Pictures must be left out. Retype exactly the lines from the one containing "eficiente demanda que experimenta la almazara" through the last line of the records below.

Dataset entries section start

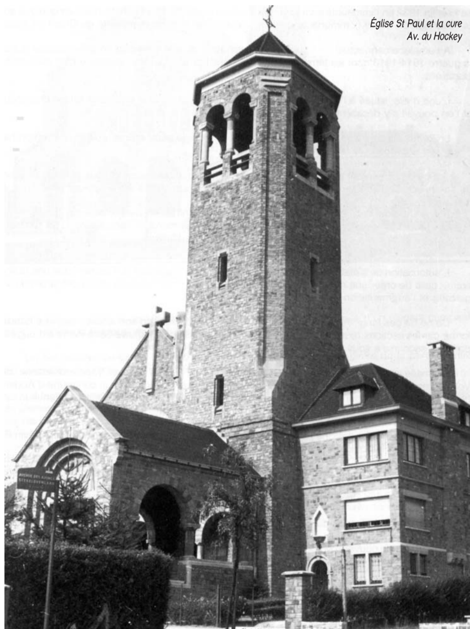
Église St Paul et la cure Av. du Hockey

Il est hors de doute que l'église Saint-Paul et son presbytère constituent un des plus beaux ensembles architecturaux réalisés dans notre commune.
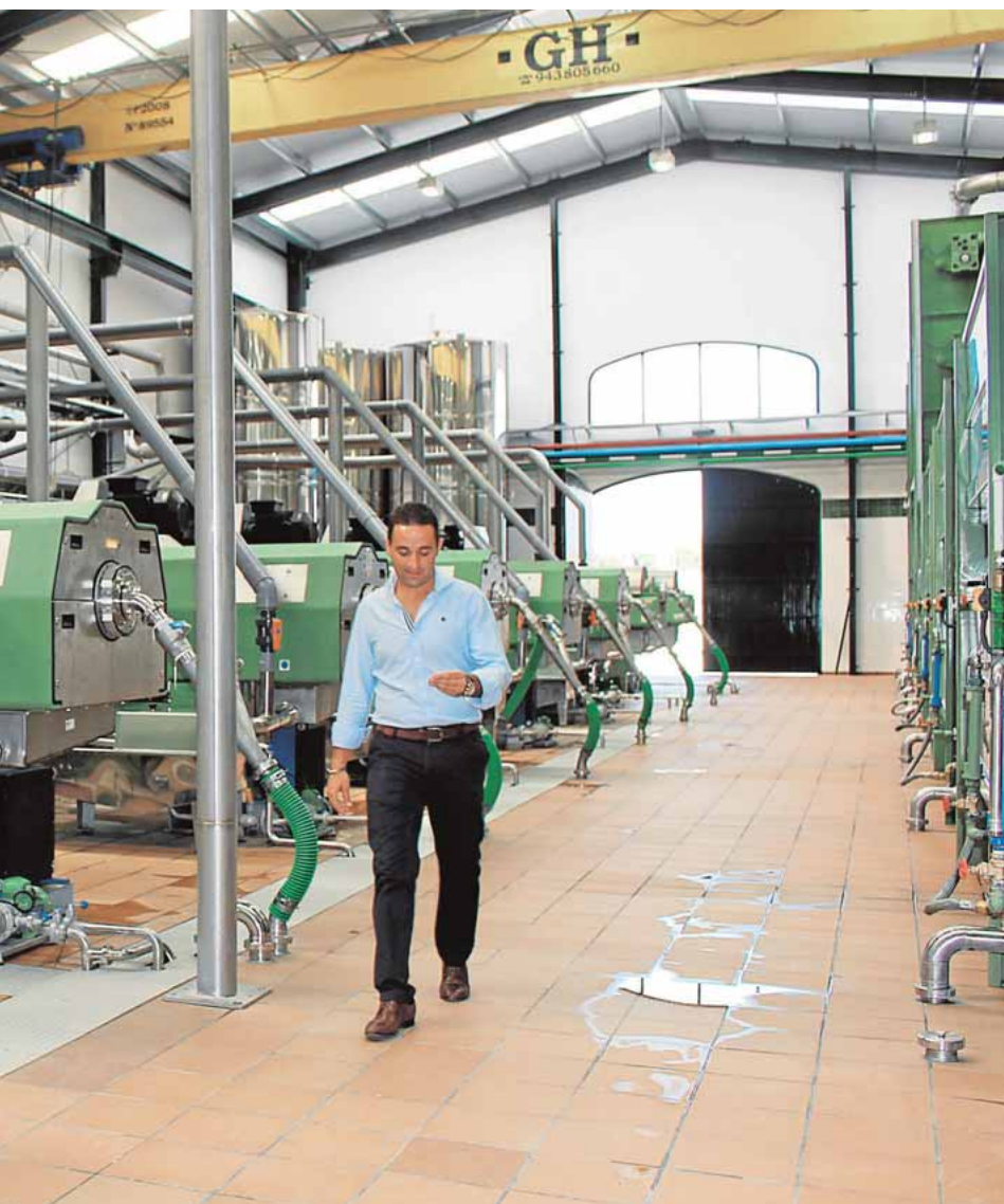
eficiente demanda que experimenta la almazara

dalidad de semipresencial. Las clases tienen una duración de 4,5 horas semanales, 2,5 horas de docencia directa y 2 horas de atención online y se impartirán en Écija y La Luisiana. La matrícula se formaliza en la Escuela Oficial de Idiomas de Écija.
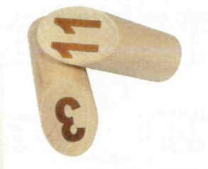
Paaltje 3 is wel omgevallen, paaltje 11 niet

Belangrijk: een paaltje geldt als omgevallen als deze volledig op de grond ligt. Als een paaltje gedeeltelijk op een ander paaltje of op de mólkky ligt, of er tegenaan leunt, scoort de speler er geen punten voor. Mocht een paaltje door het weghalen van de mólkky omvallen, dan wordt deze wel rechtop gezet, maar krijgt de speler er alsnog geen punten voor.
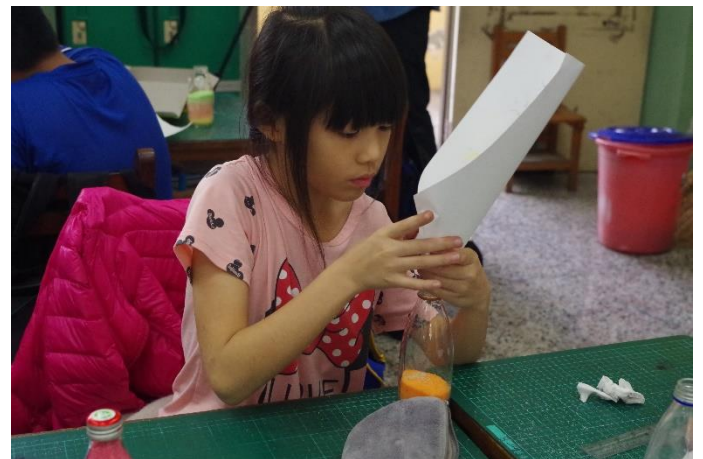
學生專心操作，享受其中樂趣
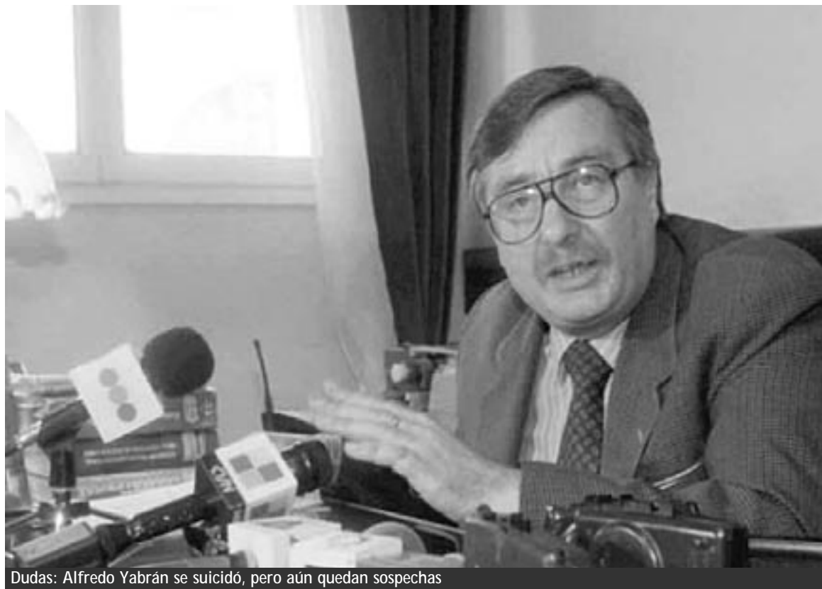
Dudas: Alfredo Yabrán se suicidó, pero aún quedan sospechas

Tampoco se descarta que ante una eventual necesidad se soliciten nuevas pericias, entre ellas la exhumación del cuerpo de Alfredo Yabrán

Dataset entries section end

Response box -
eficiente demanda que experimenta la almazara

dalidad de semipresencial. Las clases tienen una duración de 4,5 horas semanales, 2,5 horas de docencia directa y 2 horas de atención online y se impartirán en Écija y La Luisiana. La matrícula se formaliza en la Escuela Oficial de Idiomas de Écija.
Paaltje 3 is wel omgevallen, paaltje 11 niet

Belangrijk: een paaltje geldt als omgevallen als deze volledig op de grond ligt. Als een paaltje gedeeltelijk op een ander paaltje of op de mólkky ligt, of er tegenaan leunt, scoort de speler er geen punten voor. Mocht een paaltje door het weghalen van de mólkky omvallen, dan wordt deze wel rechtop gezet, maar krijgt de speler er alsnog geen punten voor.
學生專心操作，享受其中樂趣
Dudas: Alfredo Yabrán se suicidó, pero aún quedan sospechas

Tampoco se descarta que ante una eventual necesidad se soliciten nuevas pericias, entre ellas la exhumación del cuerpo de Alfredo Yabrán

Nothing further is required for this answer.